If you experience something breaking, the previous version has the same
config and database versions, so report the issue and downgrade both
the frontend and the backend binary to the previous version.

Added

• Add redirect if invalid page is specified when viewing a table of
  things (e.g. keys, certs, etc).
• Add redirect of any frontend path when logged out to the main root
  path.

Changed

• Complete overhaul to implement TypeScript.
• Overhaul backend responses to be more detailed and consistent.
• Update contexts and hooks on frontend for a little bit more sanity.
• Updated input handler to use recursion and support any depth object.
  Also changed methodology of the handler to make it compatible with
  type safety.
• Show success or error message on password change.
• Update frontend server url validation to confirm only valid
  characters in addition to https.
• Submit button on forms is always enabled.
• Use regex for field name matching to look up value type and error
  message.
• Remove some info from displaying on providers summary page. To get
  all of the details, click into 'Edit'.
• Update type for validation errors and method of recording errors.
• Update frontend dependencies.

Fixed

• Update Axios version to address a security issue.
• Show success or error message on password change.
• Fix sorting of account list by environment column.
• Add missing CSR 'State' field.

Removed

N/A

LeGo CertHub v0.15.2

[v0.15.2] - 2023-11-06

Caution

This version's binary and docker images have been removed due to
a security flaw. Migrate away from this version IMMEDIATELY!
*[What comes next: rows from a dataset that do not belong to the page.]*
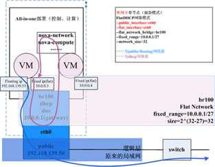 1)在主机上建立一个对应控制节点的网桥(br100),把其上实例(虚拟机)桥接到一个网络(br100所在的网络);
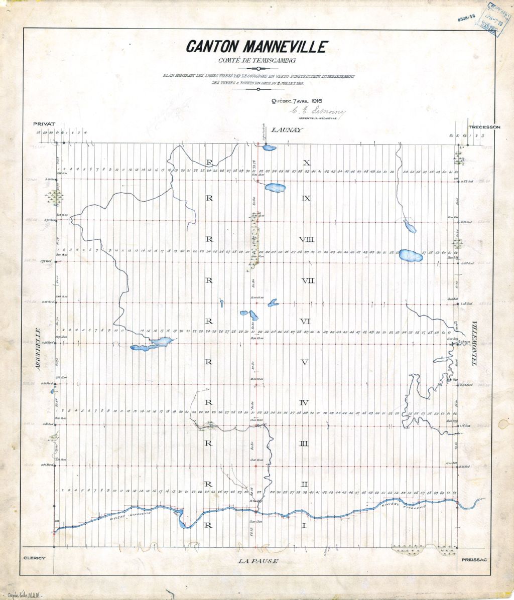 Canton Manneville. Comté de Témiscaming. Plan montrant les lignes tirées par le soussigné en vertu d'instructions du département des Terres & Forêts en date du 2 juillet 1915.
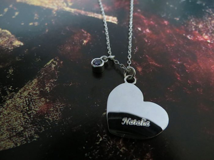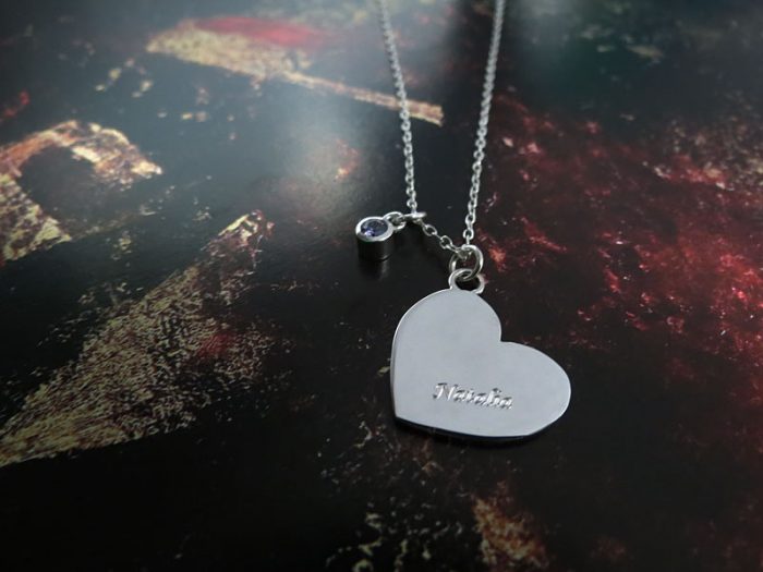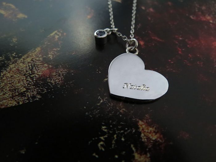 Dije cortado en plata ley 950 adornado con cadena en plata de 45cm, zircón del color que prefieras y con un pequeño grabado personalizado.
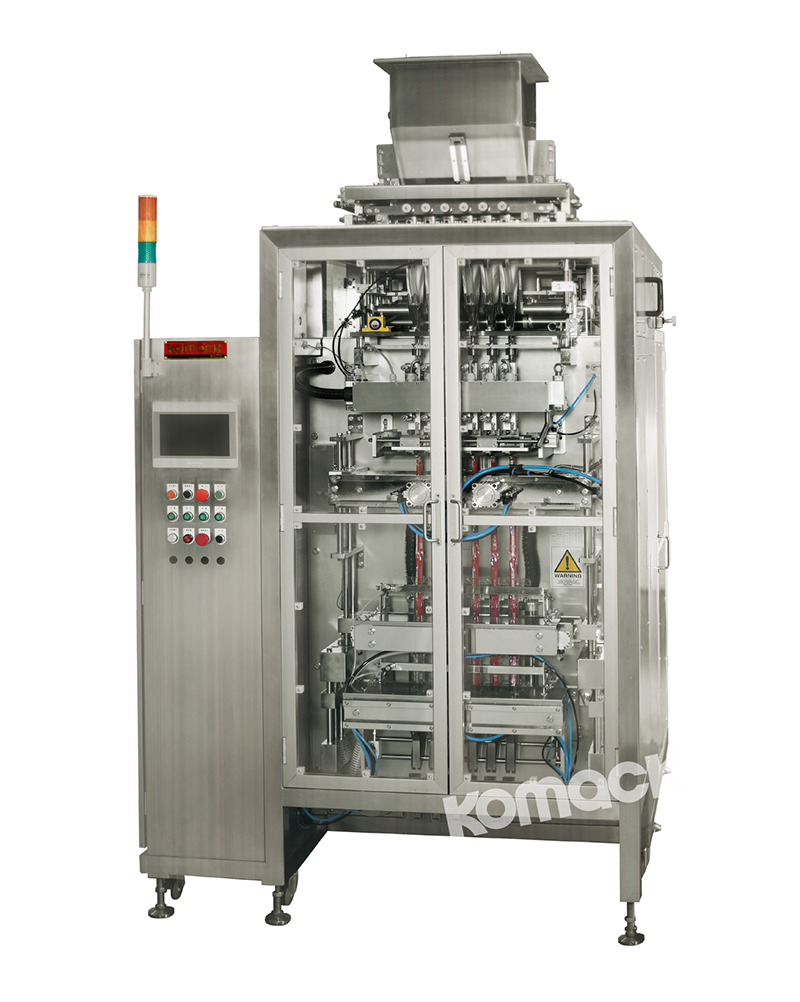 本機(jī)是對充填顆粒以及粉末專用而開發(fā)的多列式條狀包裝機(jī)。將要使用的薄膜卷安裝在本機(jī)上,在指定列上分割薄膜后,分別制成筒狀長袋,同時間歇自動計量充填包裝,操作簡單可靠,袋長、袋寬均可調(diào)。光電控制精確。因采用滑板或螺桿式計量裝置,每列充填量均可調(diào)。本機(jī)適用于批量及大量生產(chǎn)產(chǎn)品的場合。
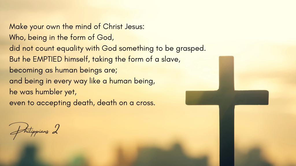 This ancient hymn in the Letter to the Philippians is a touchstone text of our faith. The hymn is framed by the invitation to me to make my own the mind of Christ. Whichever way I approach this text it’s the word ’emptied’ which always stands out for me. Christ here, freely and lovingly, empties himself of everything except the doing of his Father’s will.

This release is quality of life. It mainly addresses things related to
logging.

Added

• Info log logout success.

Changed

• Tweak wording on frontend describing the order queue.
• Reorder CSP params.
• Rename error handling middleware to not use the word error.

Fixed

• Fix inaccurate info logging of certain information when serving the
  frontend. This was creating log clutter that should only be in debug.
• Fix CSP whitespace on default policy.
• Fix typing of json response Message field.

Removed

N/A

LeGo CertHub v0.15.1

[v0.15.1] - 2023-10-31

Caution

This version's binary and docker images have been removed due to
a security flaw. Migrate away from this version IMMEDIATELY!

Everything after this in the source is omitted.